Boston House Prices dataset

Notes
------
Data Set Characteristics:  

    :Number of Instances: 506 

    :Number of Attributes: 13 numeric/categorical predictive
    
    :Median Value (attribute 14) is usually the target

    :Attribute Information (in order):
        - CRIM     per capita crime rate by town
        - ZN       proportion of residential land zoned for lots over 25,000 sq.ft.
        - INDUS    proportion of non-retail business acres per town
        - CHAS     Charles River dummy variable (= 1 if tract bounds river; 0 otherwise)
        - NOX      nitric oxides concentration (parts per 10 million)
        - RM       average number of rooms per dwelling
        - AGE      proportion of owner-occupied units built prior to 1940
        - DIS      weighted distances to five Boston employment centres
        - RAD      index of accessibility to radial highways
        - TAX      full-value property-tax rate per $10,000
        - PTRATIO  pupil-teacher ratio by town
      

In [111]:
def load_boston():
    scaler = StandardScaler()
    boston = datasets.load_boston()
    X=boston.data
    y=boston.target
    X = scaler.fit_transform(X)
    return train_test_split(X,y)

In [112]:
X_train, X_test, y_train, y_test = load_boston()

In [113]:
X_train.shape

(379, 13)

### Fitting a Linear Regression

It's as easy as instantiating a new regression object (line 1) and giving your regression object your training data
(line 2) by calling .fit(independent variables, dependent variable)



In [114]:

clf = LinearRegression()
clf.fit(X_train, y_train)

LinearRegression(copy_X=True, fit_intercept=True, n_jobs=1, normalize=False)

### Making a Prediction
X_test is our holdout set of data.  We know the answer (y_test) but the computer does not.   

Using the command below, I create a tuple for each observation, where I'm combining the real value (y_test) with
the value our regressor predicts (clf.predict(X_test))

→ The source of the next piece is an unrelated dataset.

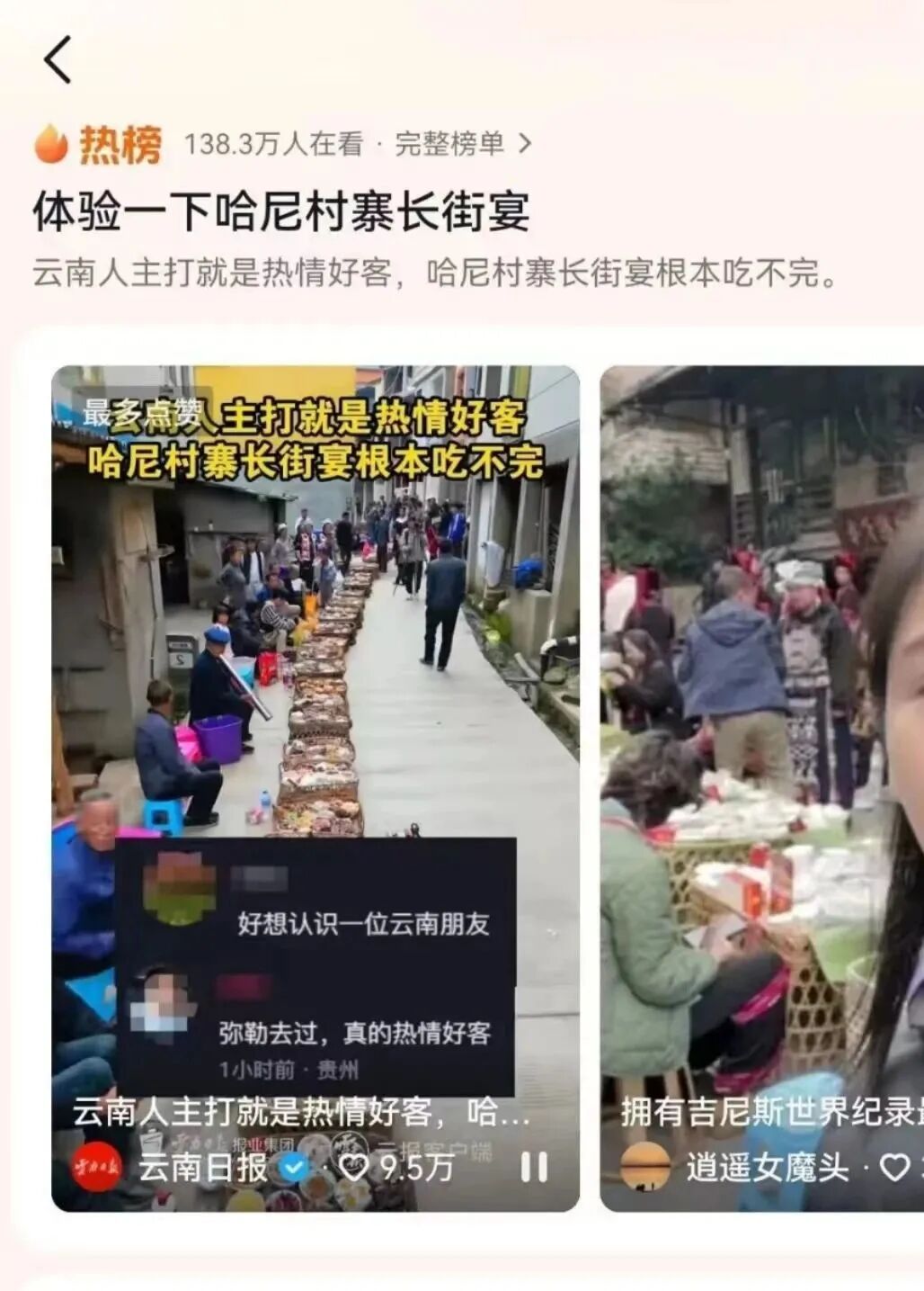 2023年云南红河绿春哈尼十月年长街古宴文化旅游节刚刚落下帷幕,网络上关于“绿春长街宴”的热度却一直居高不下,全网阅读量破1亿,此次长街宴出圈,是丰富多彩的活动体验与网络媒体共同助推的结果。

Use a similiar format to get your r2 and mse metrics working.  Using the [scikit learn api](http://scikit-learn.org/stable/modules/model_evaluation.html) if you need help!

In [115]:
zip (y_test, clf.predict(X_test))

<generator object zip at 0x114ebc3b8>

In [116]:
print ((y_test, clf.predict(X_test)))

(array([ 15.2,  12.6,  23.3,  16.8,  10.8,  31.2,  17.5,  21.5,  14.9,
        16.6,  18.9,  22.5,  24.5,  24. ,  45.4,  50. ,  19.6,  14.9,
        27.5,   8.4,  23.3,  22. ,  32.2,  16.4,  41.3,  20.3,   6.3,
        23.4,  20.4,  17.5,  21.9,  26.5,  25.1,  22.7,  16.7,  30.5,
        29.6,  36.2,  11.9,  21.4,  22.6,  20.6,  13. ,  33.2,  10.2,
         9.7,  11.8,  13.4,   8.3,  18.2,  13.8,  14.8,  23. ,  21.1,
        23.2,  21.2,   7.2,  18.5,  22.2,  10.2,  21.2,  22.2,   8.1,
        24.7,  20. ,  13.3,   8.5,  21.2,  18.4,  28.2,  19.8,  14.4,
        14.9,  22.8,   8.8,  19.4,  28.6,  25. ,  22.9,  20.5,  33.1,
        32.5,   9.6,  28.5,  31.5,  20.8,  23.1,  16.5,  26.6,  29.8,
        27.5,  19.6,  32. ,  21.4,  23.1,  19.8,  32. ,  10.9,  16.2,
        42.3,  23.3,  13.8,  50. ,  18.8,  15. ,  13.5,  33.1,  29.8,
        24.5,  10.5,  20.2,  18.4,  13.9,  21.7,  21. ,  14.6,  16.5,
        34.7,  23.8,  19.2,   8.7,  19.1,   7.5,  20.4,  33.2,  25. ,  22. ]), array([ 10

In [117]:
r2_score(y_test, (clf.predict(X_test)))

0.64296210216632077

In [118]:
y_true = [y_test]
y_pred = [(clf.predict(X_test))]
mean_squared_error(y_true, y_pred)

25.72755146434708

In [173]:
mse_value = mean_squared_error(y_test, clf.predict(X_test))

In [174]:
import math

In [175]:
math.sqrt(mse_value)

5.07217714591999

In [176]:
from sklearn.linear_model import Ridge
import numpy as np
n_samples, n_features = 506, 13
np.random.seed(0)
y = np.random.randn(n_samples)
X = np.random.randn(n_samples, n_features)
clf = Ridge(alpha=1)
clf.fit(X, y)

Ridge(alpha=1, copy_X=True, fit_intercept=True, max_iter=None,
   normalize=False, random_state=None, solver='auto', tol=0.001)

In [177]:
from sklearn import linear_model
clf = linear_model.Ridge ()
clf.fit(X_train, y_train)

Ridge(alpha=1.0, copy_X=True, fit_intercept=True, max_iter=None,
   normalize=False, random_state=None, solver='auto', tol=0.001)

In [178]:
clf.coef_

array([-1.0157296 ,  0.96221042,  0.0874656 ,  1.01507958, -1.77899531,
        3.58430445, -0.36307468, -3.06144946,  2.84412289, -2.03767158,
       -1.86910312,  0.85758612, -3.33046526])

In [179]:
clf.intercept_

22.540338544707261

In [180]:
clf = linear_model.Ridge (alpha = 1)
clf.fit(X_train, y_train)

Ridge(alpha=1, copy_X=True, fit_intercept=True, max_iter=None,
   normalize=False, random_state=None, solver='auto', tol=0.001)

In [181]:
r2_score(y_test, (clf.predict(X_test)))

0.64371101435245759

In [183]:
mean_squared_error(y_test, clf.predict(X_test))

25.673586109610177

In [184]:
clf = linear_model.Ridge (alpha = .05)
clf.fit(X_train, y_train)

Ridge(alpha=0.05, copy_X=True, fit_intercept=True, max_iter=None,
   normalize=False, random_state=None, solver='auto', tol=0.001)

In [185]:
r2_score(y_test, (clf.predict(X_test)))

0.64300159339768836

In [186]:
mean_squared_error(y_test, clf.predict(X_test))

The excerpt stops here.